The Americans with Disabilities Act (ADA), which is having a profound effect on all elements of society, can be seen as complementing the other statutes. The ADA extends to all state and local programs the protections of §504, and also prohibits discrimination against people with disabilities in public accommodations.

Disability Defined

All three statutes use virtually the same definition of “handicap” or “disability.” Protection is extended to persons with a “physical or mental impairment which substantially limits one or more major life activities,” such as performing manual tasks, personal care, walking, seeing, hearing, speaking, etc. The definition includes persons “having a record of such an impairment”, whether or not the impairment still exists; and a person “regarded” as having such an impairment,” whether or not the perception is accurate. While age alone does not equate with disability, the symptoms and conditions of the aging process are likely to cause impairments that meet these definitions.

Addition Exempted

“Handicap” or “disability” does not include current illegal use of or addiction to a “controlled substance.” Moreover, none of the statutes require a housing provider to make housing available to an individual “whose presence would constitute a direct threat to the health or safety of other individuals or whose tenancy would result in substantial physical damage to the property of others.”

Legal Purposes

The intent of these laws is to provide persons with disabilities access to and enjoyment of housing and services to the same degree as if they were not disabled. They apply from point of application throughout the tenancy. Housing providers may not maintain separate admissions standards for people who are frail or disabled, nor may they inquire about an applicant’s health or ability to live independently, unless those questions are to establish eligibility for particular programs or services.

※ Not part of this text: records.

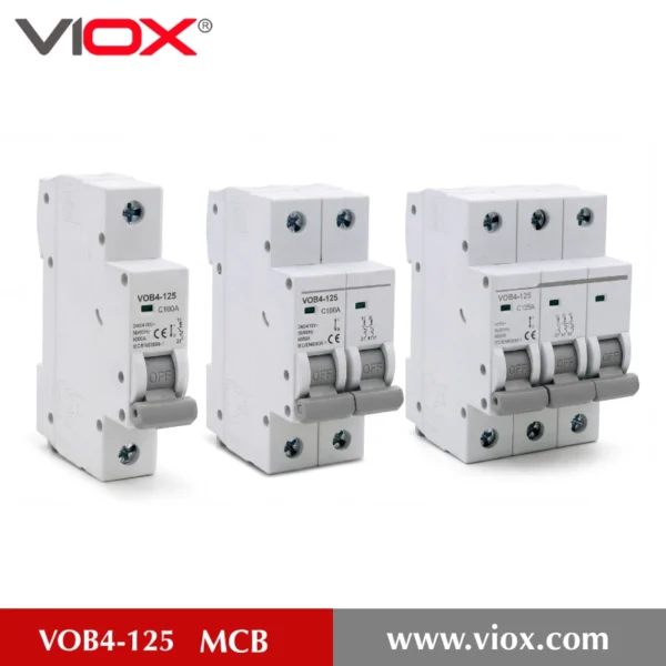 MCB profesional para aplicaciones de carga pesada de 80A-125A – Los interruptores automáticos en miniatura de la serie VIOX VOB4-125 proporcionan una protección fiable de alta corriente para cuadros de distribución principales, edificios comerciales e instalaciones de carga pesada. Certificación IEC 60898-1 con capacidad de ruptura de 6kA, durabilidad mejorada de 6000 ciclos eléctricos, clasificado de 80A a 125A.
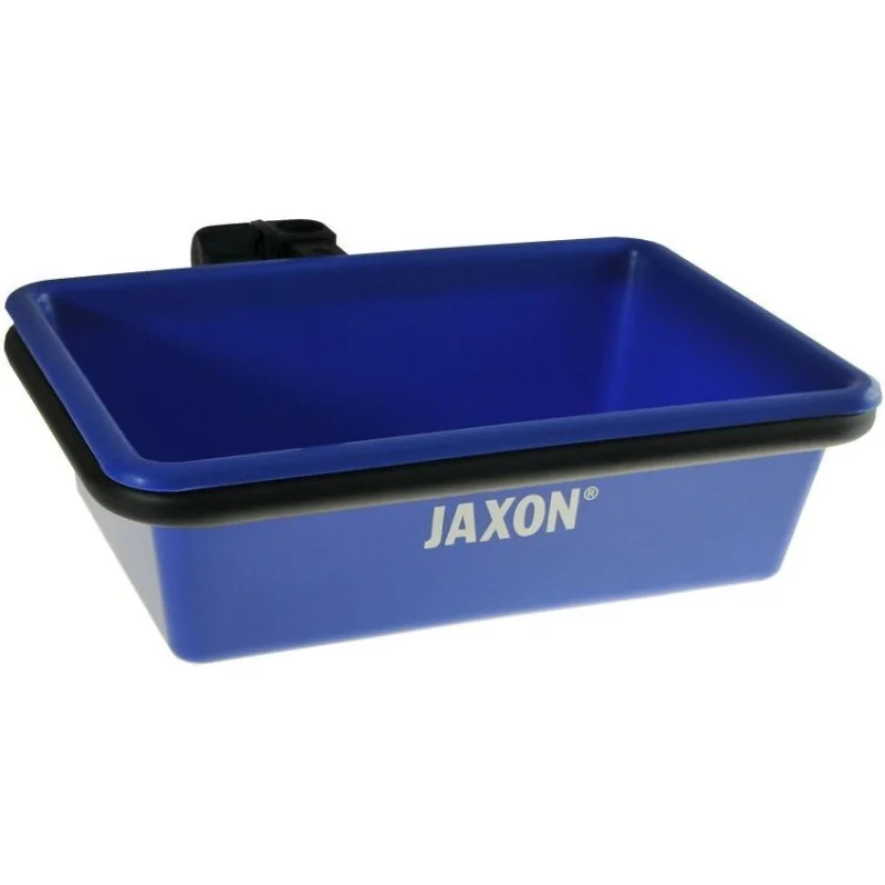 Kuweta Jaxon AK-KZE040A wraz z uchwytem do zanęty, wody, lub akcesoriów, mocowane na nodze kosza wędkarskiego. Kuweta wykonana jest z niebieskiego, mocnego i elastycznego plastiku, bardzo odpornego na pęknięcia. Kuwetę podtrzymuje metalowy, prostokątny uchwyt, który mocuje się na nóżce kosza. Rama zrobiona jest z metalowej, solidnej rury i stanowi na prawdę solidną podpórkę miski.
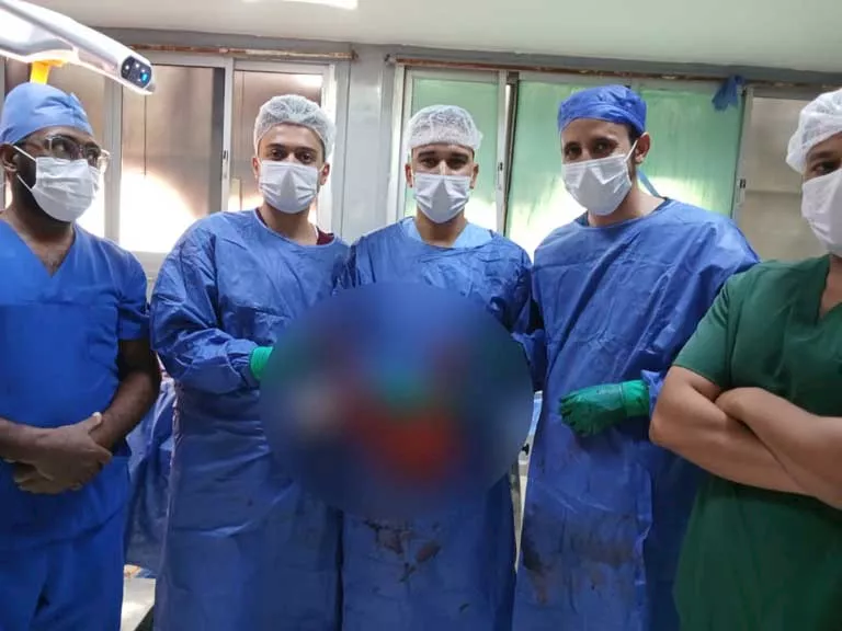 وأضاف أنه تم إجراء عملية استكشاف بمنطقة البطن عن طريق شق وسطي وتبين وجود ورم كبير بالقولون الصاعد وجزء من القولون المستعرض، حيث تم فك الالتصاقات وفصل الورم عن الاثني عشر والمرارة والقناة المرارية وجدار البطن وعمل فتحة تحويل مجرى البراز، موضحا أن حجم الورم يزن 7 كيلو جرامات وأن وقت العملية استغرقت ثلاث ساعات.
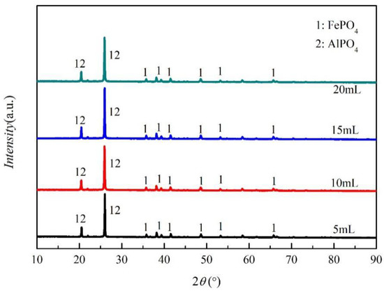 In Figure 9, the precipitate phase is still dominated by iron phosphate, with a small amount of AlPO4 when the molar ratio of P/Fe ranges from 1 to 1.4. Additionally, with the increase of the molar ratio, the peak strength of the product decreases accordingly.
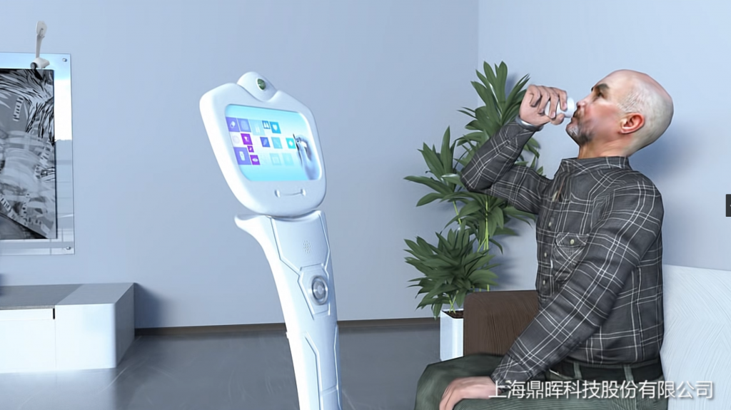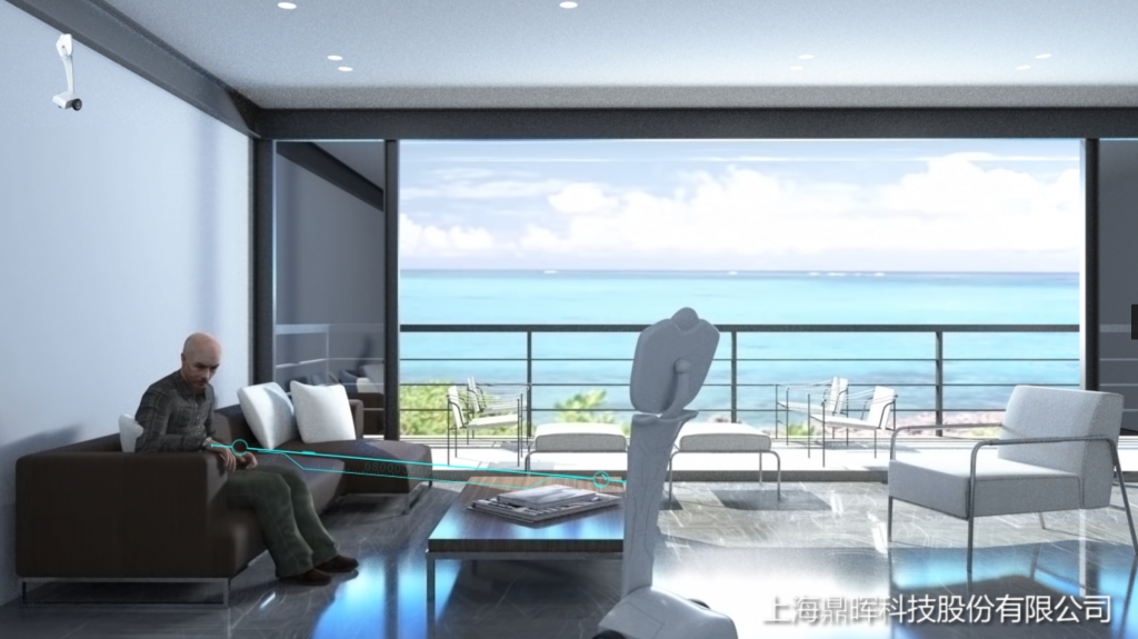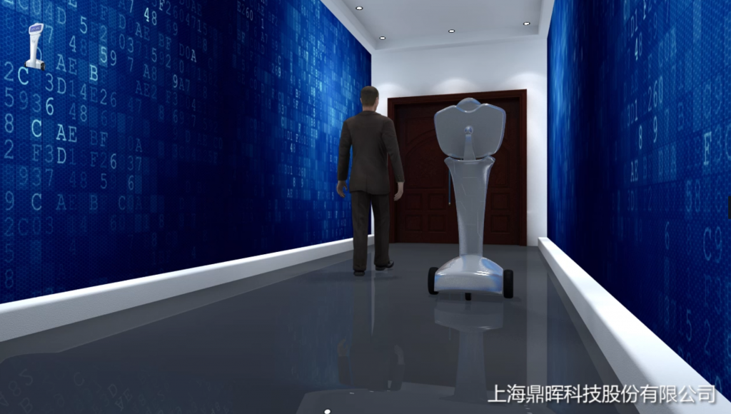 機(jī)器人(女聲)邊走邊說(shuō):您好,歡迎來(lái)到鼎暉科技。
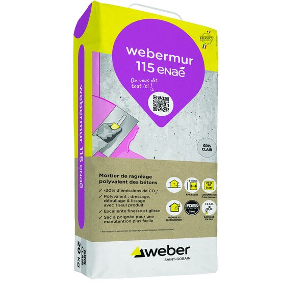 Mortier de ragréage mural et rattrapage des bétons à faibles émissions | Webermur 115 Enaé
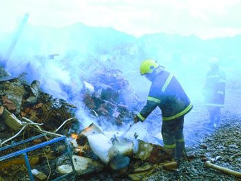 廠區(qū)中心基本被夷為平地,四處斷壁殘?jiān)袼纳,不時(shí)傳出零星爆竹聲。在一面寫著“安全生產(chǎn)警鐘長鳴”的墻壁下躺著五六輛摩托車殘骸。
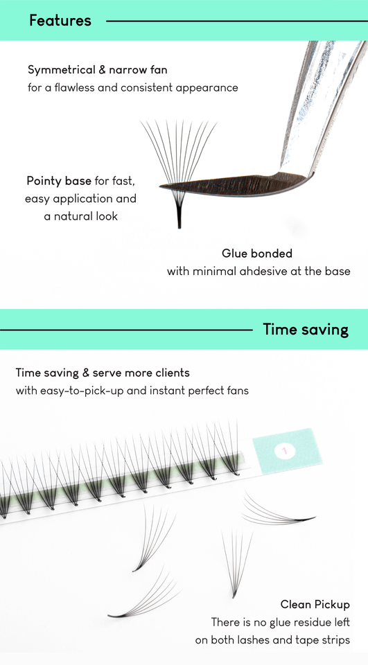 การต่อขนตาแบบพัดลมแคบทำไว้ล่วงหน้าชื่อผลิตภัณฑ์
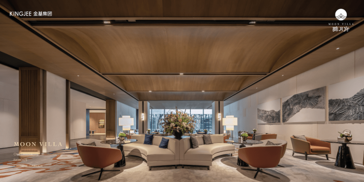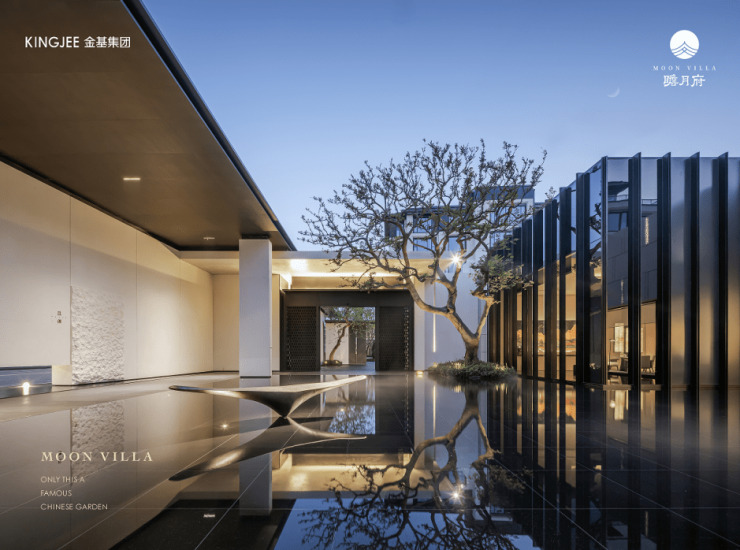 越是高端项目,越是具备脱颖而出的气质。逐月亭270°视线环绕三面观水,光亭顶部透光,点题“逐月”,雅趣茶室,无梁无顶。逐月水院,清波艺廊卡座,仿佛高端度假区。
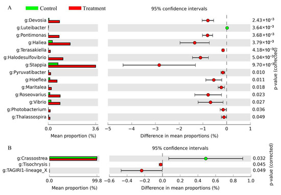 We further explored the responses of larval microbiome compositions at the finer genus level to antibiotics. As shown in Figure 4, most of the dominant microbial taxa exhibited remarkably higher abundance in the treatment group in comparison with the control group (p < 0.05). The relative abundances of Vibrio, Devosia, Pontimonas, Haliea, Terasakiella, Halodesulfovibrio, Stappia, Hoeflea, Maritalea, Roseovarius, Photobacterium, Thalassospira and Pyruvatibacter were significantly enriched, while that of Luteibacter was significantly underrepresented in the treatment group compared with the control group (Figure 4A). Significant differences were also detected in the relative abundances of Crassostrea, Tisochrysis and TAGIRI1-lineage_X when comparing the genus-level eukaryotic microbiota between treatment and control groups (Figure 4B). Notably, the relative abundances of Tisochrysis and TAGIRI1-lineage_X were dramatically higher, while that of Crassostrea was significantly lower in the treatment group compared with the control group (Figure 4B).
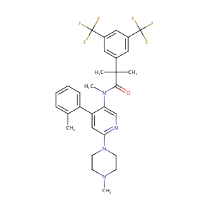 InChI=1S/C30H32F6N4O/c1-19-8-6-7-9-23(19)24-17-26(40-12-10-38(4)11-13-40)37-18-25(24)39(5)27(41)28(2,3)20-14-21(29(31,32)33)16-22(15-20)30(34,35)36/h6-9,14-18H,10-13H2,1-5H3
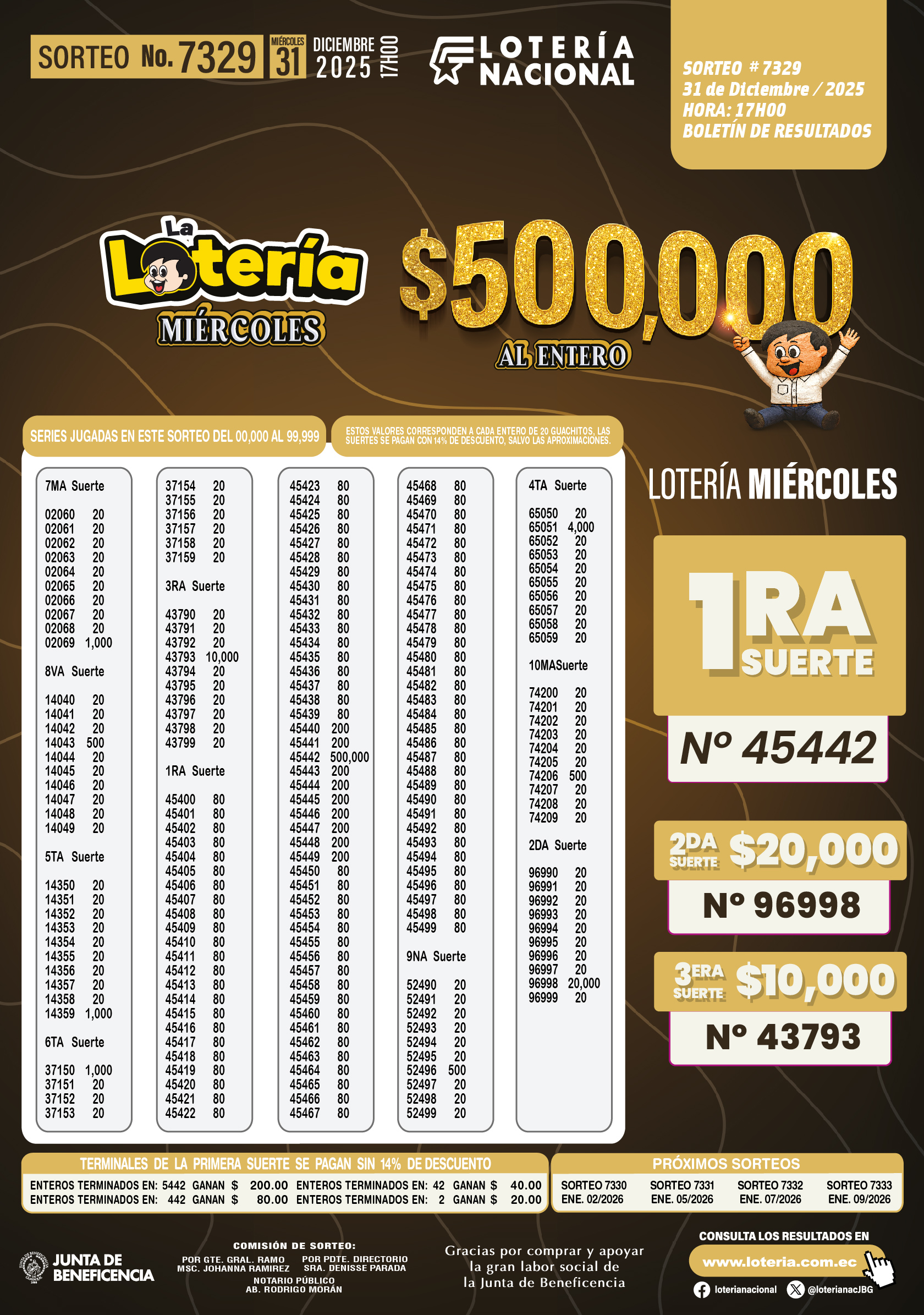 Resultados de Loteria Nacional 7329
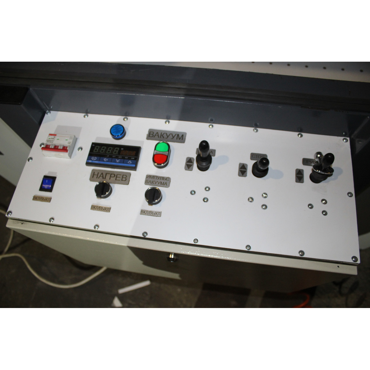 Цей прес призначений для облицювання меблевих фасадів, як плоских, так і радіусних (гнутих) плівками ПВХ. Обладнання укомплектоване молочною силіконовою мембраною, що дає змогу зробити шпонування, а також виготовити й облицювати гнутий фасад. Матеріал робочого стола — МДФ.
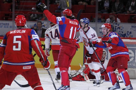 С финальной сиреной на второй перерыв россияне получили численное преимущество в два игрока и уже на 44-й секунде третьей двадцатиминутки Евгений Малкин завершил точным броском комбинацию с участием Александра Попова. Как оказалось впоследствии, этот гол стал последним в матче. Сборная России в третьем периоде была активнее чем в двух первых, но счёт увеличить не смогла. Чехи же выглядели растерянными, а их атаки, даже несмотря на два численных преимущества после удалений Малкина и Дацюка, не выглядели опасными. Из-за умелой игры россиян в обороне чешской команде даже не удалось провести финального штурма. Сменить вратаря на шестого полевого игрока они смогли лишь за 10 секунд до финальной сирены.
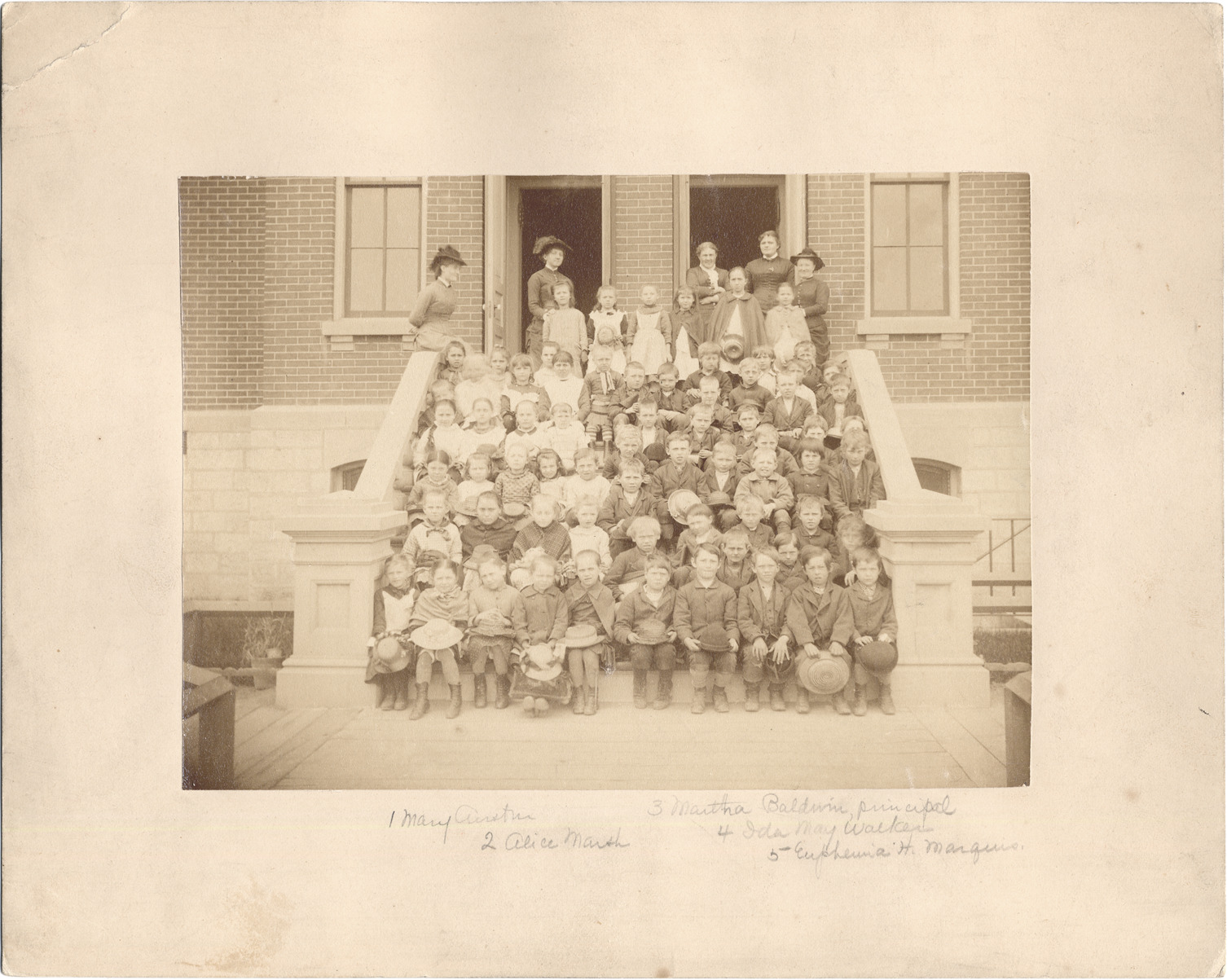 Students and teachers posed on steps in front of brick school building. Handwritten on mat front: "1. Mary Austin; 2. Alice Marsh; 3. Martha Baldwin, principal; 4. Ida May Walker; 5. Euphemia H. Marquis." Handwritten on mat back: "Detroit Norvell School about 1885."
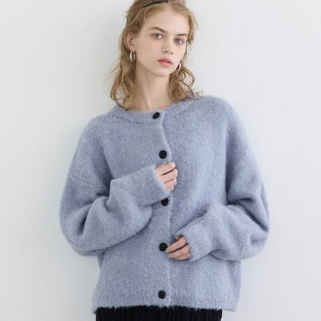 ふんわり柔らか、抜け感を演出するブラッシュドブークレカーディガン

For example, the decision to lease to a particular individual must be based on program eligibility (if appropriate) and the ability of the applicant to comply with the terms of the lease, whether independently, with the assistance of a third party, or as a result of a reasonable accommodation by the provider. A prospective property owner may not require an older person to have a “sponsor,” or “guarantor,” a practice common to many senior housing programs.


In recent years, courts have found the following policies to be discriminatory: requiring residents who must use walkers or wheelchairs to transfer to regular chairs when eating in the common dining room; failing to provide accessible parking spaces for disabled tenants; and refusing to modify a “no pet” rule for tenants with disabilities who need guide dogs or service animals.